Our regular game is cancelled for next week (booooo!) and I'll be stepping in to run a one-shot game for the members of the group still able to attend (3 players + me DMing).

I have an idea - a prison break. Can anyone suggest decent modules for a one-shot jail escape that would ideally not take more than one 6-8 hour session to run? Party will be only 3 characters at level 4. I can adjust creatures' numbers as required.

Actually, I can change pretty much anything I need to, I'm mostly looking for a good map or adventure skeleton (with traps and such).

I have my own ideas as well, but it would be handy if there were something premade I could just use with a few tweaks.


----------



## renau1g (Feb 13, 2011)

http://www.enworld.org/forum/4e-fan-creations-house-rules/249387-prison-break-adventure.html

This may help. I can't think of anything published like this...


----------



## Nemesis Destiny (Feb 13, 2011)

Thank you for the link. I tried to give you XP for it, but alas.

I can probably pare that one down so that it becomes do-able in one session.

I'll still be glad to take more suggestions though


----------



## Dice4Hire (Feb 13, 2011)

I ran one a short while ago that went well (due to good dice rolling and some clever ideas)

Part one: Skill challenge to get the guards by the bars so they can be attacked. (Failure means retry later)

Part two: Combat with said guards (they should be very weak)

Part three: Skill challenge to sneak around and get some gear.(Failure means no gear)

Part four: Fighting the guards halfway out.

Part Five: Skill challenge to avoid group of guards coming in to investigate sound of fight. (Failure bing a fight)

Part six: skill challenge to get away form the possee that is pursuing them (Failure is another fight)

The party did well and got away with only three fights.


----------



## Nemesis Destiny (Feb 13, 2011)

Nice ideas. I might use some of that as an event outline.

I had been thinking along those lines already. Nobody is starting with any gear but the rags on their backs, so the initial 'beat up the guards' combat would be with under-level guys to make up for the fact that the best weapon anyone will have is a fist or improvised shank. I was thinking a bunch of minions and a regular skirmisher or two with clubs and / or daggers.

I also wanted to give the players a choice of escape routes; they could fight their way up to the surface through hordes of relatively weak guards, or try to slip out through the "unguarded" sewers.

Naturally, the sewers will be full of traps and other nasty surprises like crocs, Oozes, Carrion Crawlers, and maybe some undead.

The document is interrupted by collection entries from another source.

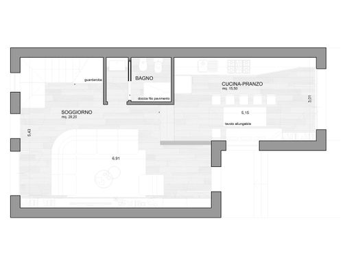 In bagno, che dobbiamo ancora realizzare, vorremmo un piccolo lavandino nell'anti bagno e doccia e sanitaria.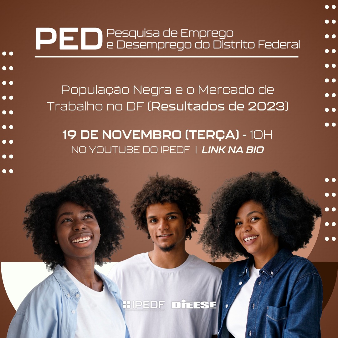Em alusão ao Dia Nacional da Consciência Negra, o Instituto de Pesquisa e Estatística do Distrito Federal (IPEDF) e o Departamento Intersindical de Estatística e Estudos Socioeconômicos (Dieese) apresentarão, nesta terça (19), os resultados do boletim anual População Negra e o Mercado de Trabalho no DF.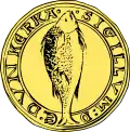 Le premier blason de Dunkerque marque la naissance de l'identité de la commune en 1226, et représente un poisson (un Saint-pierre)[1]. On le connait sous la forme d'un sceau conservé aux archives nationales. |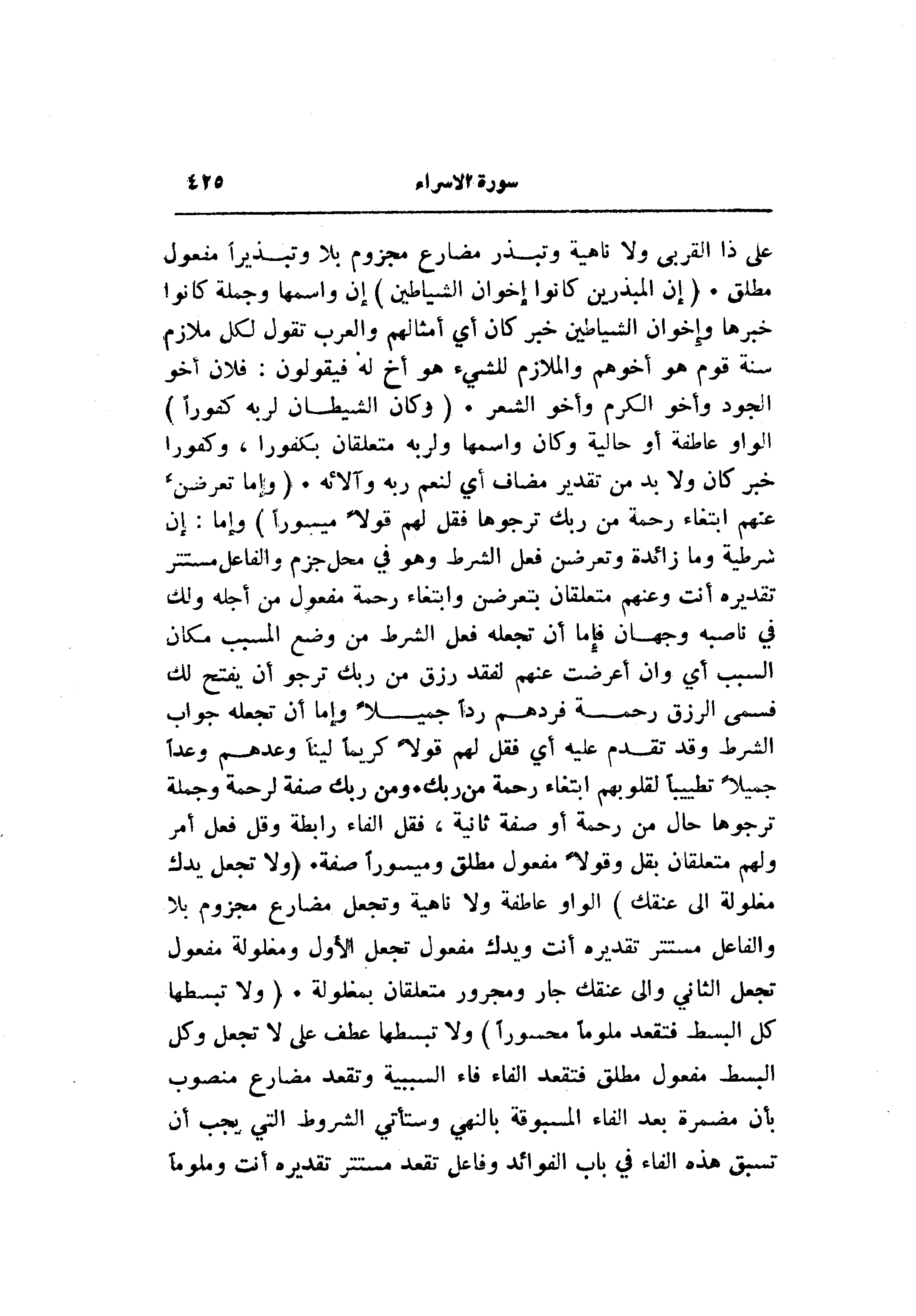 على ذا القربى ولا ناهية وتبذر مضارع مجزوم بلا وتبذيرا مفعول مطلق. (إِنَّ الْمُبَذِّرِينَ كانُوا إِخْوانَ الشَّياطِينِ) إن واسمها وجملة كانوا خبرها وإخوان الشياطين خبر كان أي أمثالهم والعرب تقول لكل ملازم سنة قوم هو أخوهم والملازم للشيء هو أخ له فيقولون: فلان أخو الجود وأخو الكرم وأخو الشعر. (وَكانَ الشَّيْطانُ لِرَبِّهِ كَفُوراً) الواو عاطفة أو حالية وكان واسمها ولربه متعلقان بكفورا، وكفورا خبر كان ولا بد من تقدير مضاف أي لنعم ربه وآلائه. (وَإِمَّا تُعْرِضَنَّ عَنْهُمُ ابْتِغاءَ رَحْمَةٍ مِنْ رَبِّكَ تَرْجُوها فَقُلْ لَهُمْ قَوْلًا مَيْسُوراً)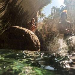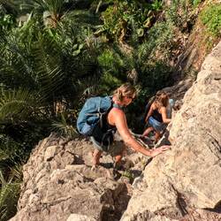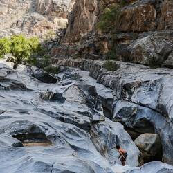Noč na platoju nad klifom je bila polna glasnega bučanja močnih valov, ki so udarjali v stene in špricali na obalo, zvoki so občasno spominjali na grmenje. Sicer zaenkrat spimo v šotorih brez vrhnje plahte, ker je ponoči dovolj toplo. V valovitem morju so otroci s klifa opazili kar precej želv, na kopnem pa zvečer pod kamni iščejo škorpijone in kuščarje. Pravi raziskovalci. Po zdaj že običajni jutranji rutini smo jo ob 8ih odrinili v wadi Tiwi. Nahaja se malo južneje od Wadi Shaba in je malo težje dostopna in zato manj obljudena. Pelješ se po, za en avto, ozki, mestoma izredno strmi, cesti med zelenimi oazami s tipičnimi vasicami z belimi hiškami obdanimi z zidanimi obzidji. Se kar precej in strmo dvigneš nad dokaj ozko rečno dolino, obdano z visokimi rdečimi stenami, polno podrtih balvanov in skal. K sreči smo bili zgodnji in nismo srečali veliko avtov, tistih par pa smo srečali na primernih mestih, da smo se lahko umaknili en drugemu. V zadnjo vasici je parking za cca. 10 avtov, kjer smo se pripravili za vodno dogodivščino. Pot do reke sta nam pokazala dva fanta z vasi, na ta način služijo denar. Sicer se v teh vaseh ukvarjajo s kmetijstvom, gojijo dateljeve palme, mango, banane in papajo. Vendar je zdaj pri cca. 35 stopinjaj tu "zima", zato sadja ni. Pot gre čez nasade palm in ostalega bujnega rastja ter polj, strmo navzdol čez skale, mestoma je nameščena veriga ala zajla za pomoč, ker skale malo drsijo. Potem pa prideš v pravi raj, zelen tolmun, obdan z belimi skalami in stenami ter pisanimi oboki, poraslim z zelenjem, s katerega kaplja voda, ki ustvarja efekt tuša. Ker je ozka soteska, sonce ne pride povsod do vode, tako je tudi voda bolj sveža. Ko so bili Mohorčič "lansko leto" tu, so startali višje in se nato od tu vrnili po vodi do izhodišča, zato smo "vodiča" prepričali, da gremo sami gor in po reki nazaj dol. Tako jima ni bilo treba nositi naših nahrbtnikov za nami, nam pa se pa ni bilo treba vračati nazaj po cesti. Wadi je res čudovit, zeleno, turkizni odtenki tolmunov, vmes slapovi, z mahom porasli naravni tobogani in pisane stene ter oboki, vmes pa zeleno rastje. Kot bi bil v enem skritem biserčku sredi džungle. Doživetje je bilo še bolj pristno, ker smo bili edini obiskovalci. Otroci so uživali 100/uro: skakali, plezali na balvane v vodi, se spuščali po naravnih toboganih- čisto pravi naravni Aquapark. Na koncu tega dela, ki se ga da obiskati je slap, ob slapu pa po visokem balvanu s pomočjo vrvi splezaš na vrh slapu, kjer se vije vodna drča z višjega tolmuna, ki se konča z lepim slapom. Pod slap smo se šli "tuširati" in masirati, pa seveda slikati. Ko smo se naužili vseh lepot, so prišli še eni turisti. Hitro smo se spustili nazaj po balvanu, da smo uživali "v samoti" 9ih razgrajačev še na poti navzdol do izhodišča. Spust z avtom nazaj v dolino je bil prava avantura, med potjo smo v reki oprali še avte in mimogrede sta fanta "oprala" , beri namočila kratke hlače in majice. Če se že dela, naj se dela ornk.🫣 Vroče sonce vse hitro posuši, tako da se ne sekiramo kaj dosti.

I might even stick an Otyugh down there to scare the hell out of them. Did I mention traps?


----------



## Chronosome (Feb 13, 2011)

If you have any old Dungeon magazines lying around, look for issue #36(!). There's an adventure in there which is centered on a place called Granite Mountain Prison (ha -- you'll see why), and is one of the best I've ever run from the mag. I imagine it could be easily converted to 4e.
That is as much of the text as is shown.